Au milieu de l’été, le collectionneur Jean Pigozzi a fait don de 45 œuvres d’art contemporain subsaharien au prestigieux musée d’Art Moderne de New York (MoMA), le positionnant ainsi comme un leader institutionnel unique du secteur. D’après son directeur, Glenn D. Lowry, « la donation va jouer un rôle très important dans le réaménagement de la collection permanente du MoMA » (qui sera dévoilée le 21octobre) et « aura un réel impact sur les programmes d’exposition du MoMA ». De son côté, Jean Pigozzi s’est dit « fier » et espère que son don « ouvrira les yeux à des millions d’amateurs d’art sur une production importante, mais encore trop méconnue ». La donation comprend des œuvres d’artistes africains parmi les plus célèbres, dont Romuald Hazoumé, Bodys Isek Kingelez, Moké, Chéri Samba, le photographe Seydou Keïta, Ambroise Ngaimoko ou Frédéric Bruly Bouabré.

L’année dernière, Jean Pigozzi avait aidé le MoMA à réaliser la première rétrospective américaine du sculpteur congolais Bodys Isek Kingelez, décédé en 2015 (exposition « Bodys Isek Kingelez : City Dreams », 26 mai 2018-1er janvier 2019). Le collectionneur avait déjà remarqué les architectures utopiques de Kingelez lors de l’exposition « Magiciens de la Terre » il y a 30 ans. Le prestige de cette exposition au MoMA a eu un effet immédiat sur la cote de l’artiste, dont le record personnel a été atteint lors d’une vente aux enchères chez Artcurial à Paris, dans les derniers jours de la rétrospective. La sculpture tenant la plus haute adjudication de Kingelez s’intitule Pacific Art et date de 1989, année clé des « Magiciens de la terre ». En 1999, elle ne valait que 20 000 francs. En 2005, elle était restée invendue à Paris dans une estimation basse de 24 000 $. Finalement, l’œuvre a dépassé les 81 000 $ le 30 décembre 2018 chez Artcurial.
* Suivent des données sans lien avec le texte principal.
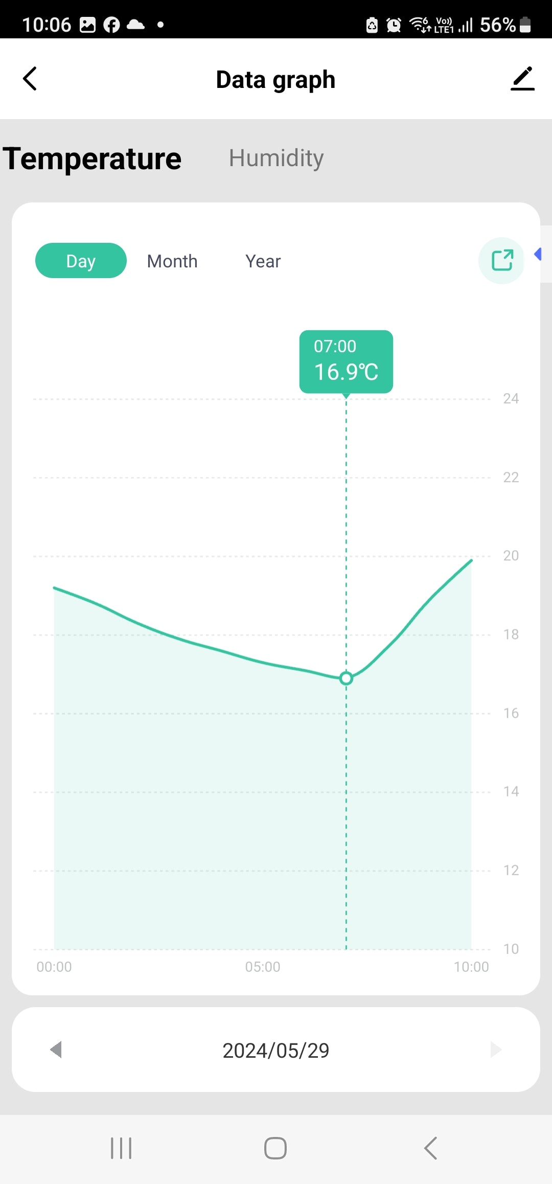 Temperature and Humidity Hourly Line Graph. can be expanded to view Hourly, Daily, Monthly, or Yearly graphs.
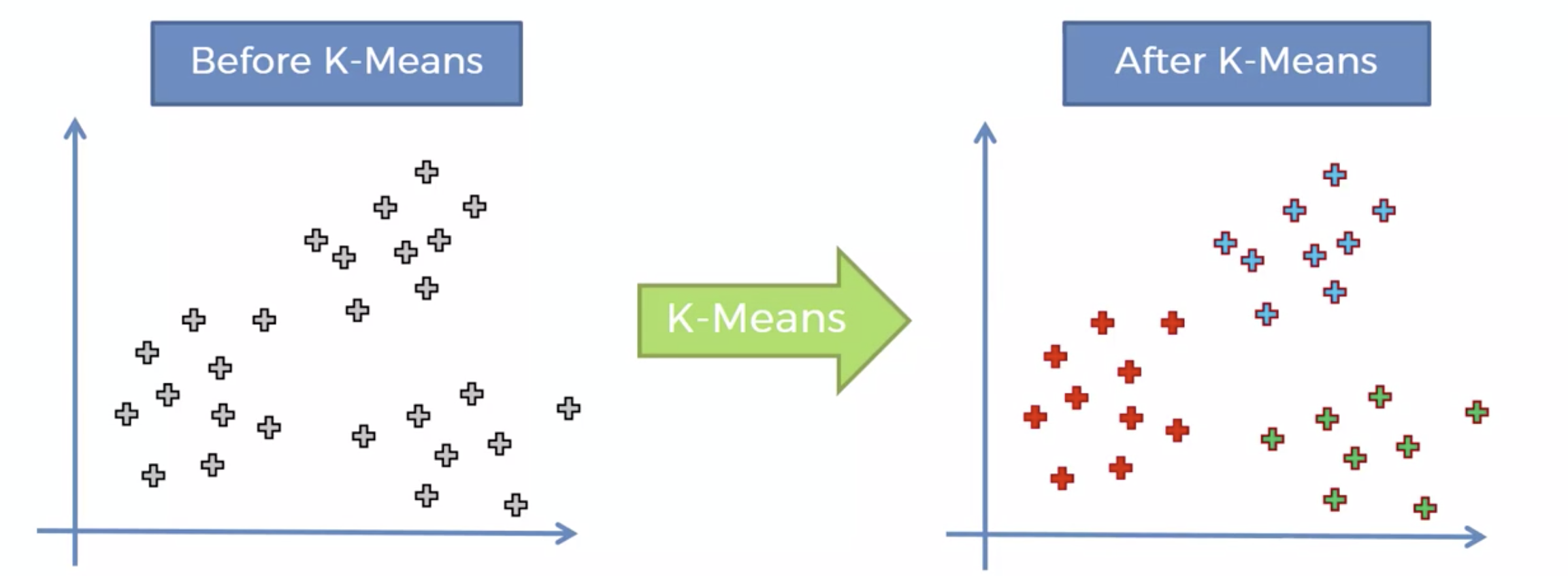 k 개의 그룹을 만든다. 즉, 비슷한 특징을 갖는 것들끼리 묶는것, 다음을 두개, 세개, 네개 그룹 등등 원하는 그룹으로 만들 수 있다.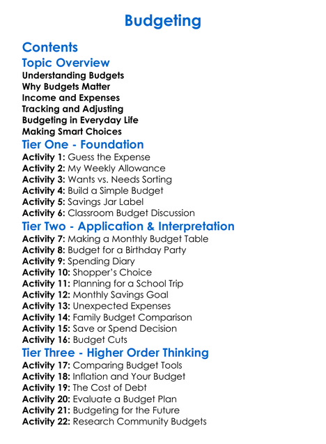 Budgeting Worksheet Activity Booklet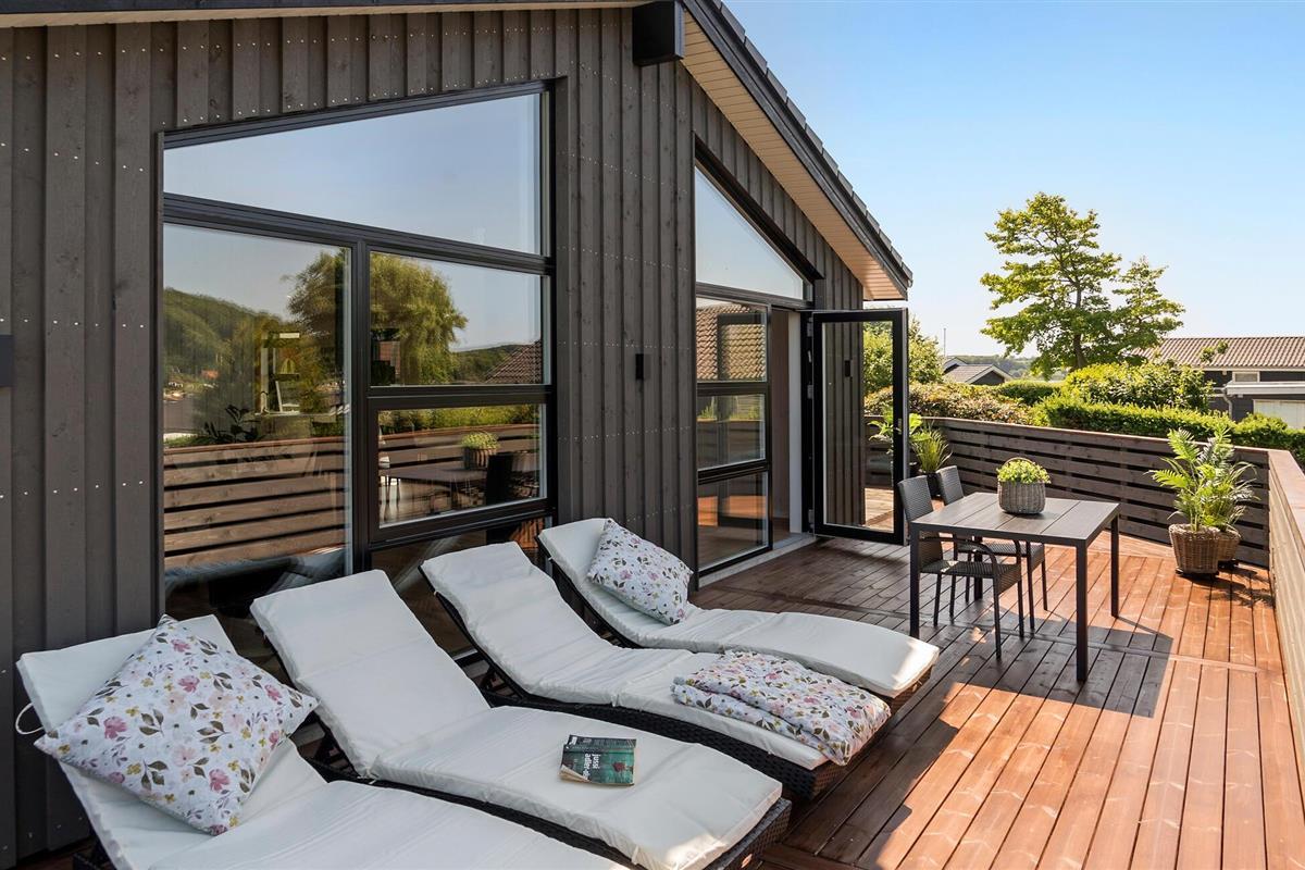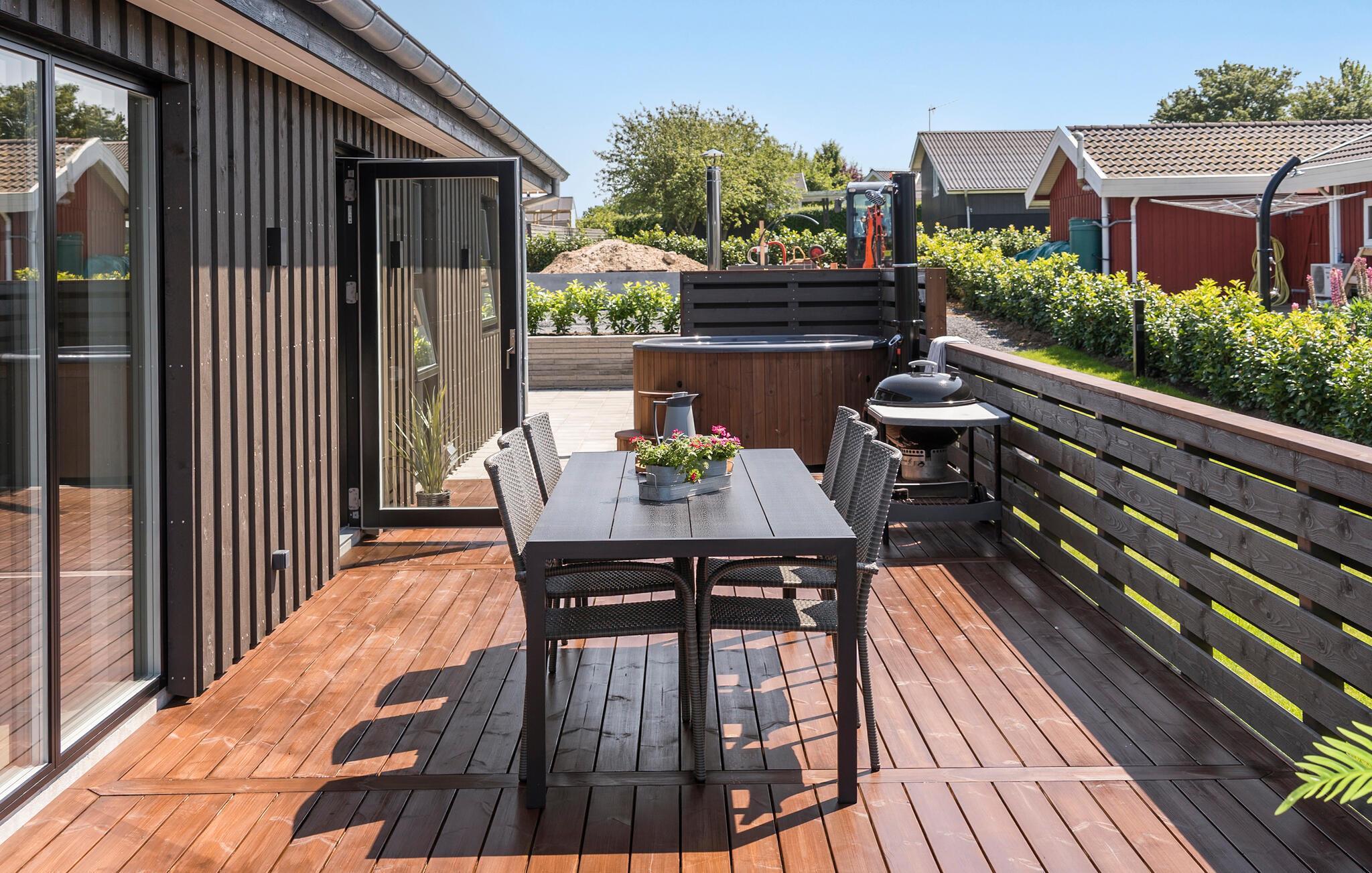 Neem een rustgevend bad in het Finse houten bad of geniet van de zon op de comfortabele ligstoelen. Dek de tafel op het houten terras en bereid het avondeten op de barbecue. Het terras is omheind en biedt zowel privacy als bescherming, ideaal voor gezinnen met kinderen.

Installation d'El Anatsui dans le pavillon du Ghana, pays représenté cette année pour la première fois à la Biennale de Venise.

Le marché new-yorkais s’ouvre

La popularité croissante de l’art contemporain subsaharien passe bien sûr par les coups de projecteurs que braquent les grands musées sur les artistes. La donation de Jean Pigozzi jouera certainement un rôle dans la montée des prix de ces artistes qui suscitent un intérêt croissant auprès des collectionneurs européens et américains. Par ailleurs, le marché de l’art africain commence à s’inscrire dans le calendrier des ventes new-yorkaises, ce qui constitue un atout essentiel pour son développement. La société Bonhams (pionnière dans la vente aux enchères d’art africain moderne et contemporain à Londres) a en effet organisé une première vente d’art africain à New York le 2 mai 2019, vendant six œuvres à plus de 100 000$ chacune.

Entre la donation de Jean Pigozzi au MoMA et les nouvelles ventes spécialisées de Bonhams, New-York pourrait devenir, dans un futur proche, la première plaque tournante du marché de l’art contemporain africain face à Paris et à Londres. Selon Charlotte Lidon, experte liaison Art moderne et contemporain africain chez Sotheby’s : « Ce marché ne représente que 0,01% du marché international de l’art ». Tous les indicateurs sont désormais au vert pour asseoir le développement de ce marché stimulant.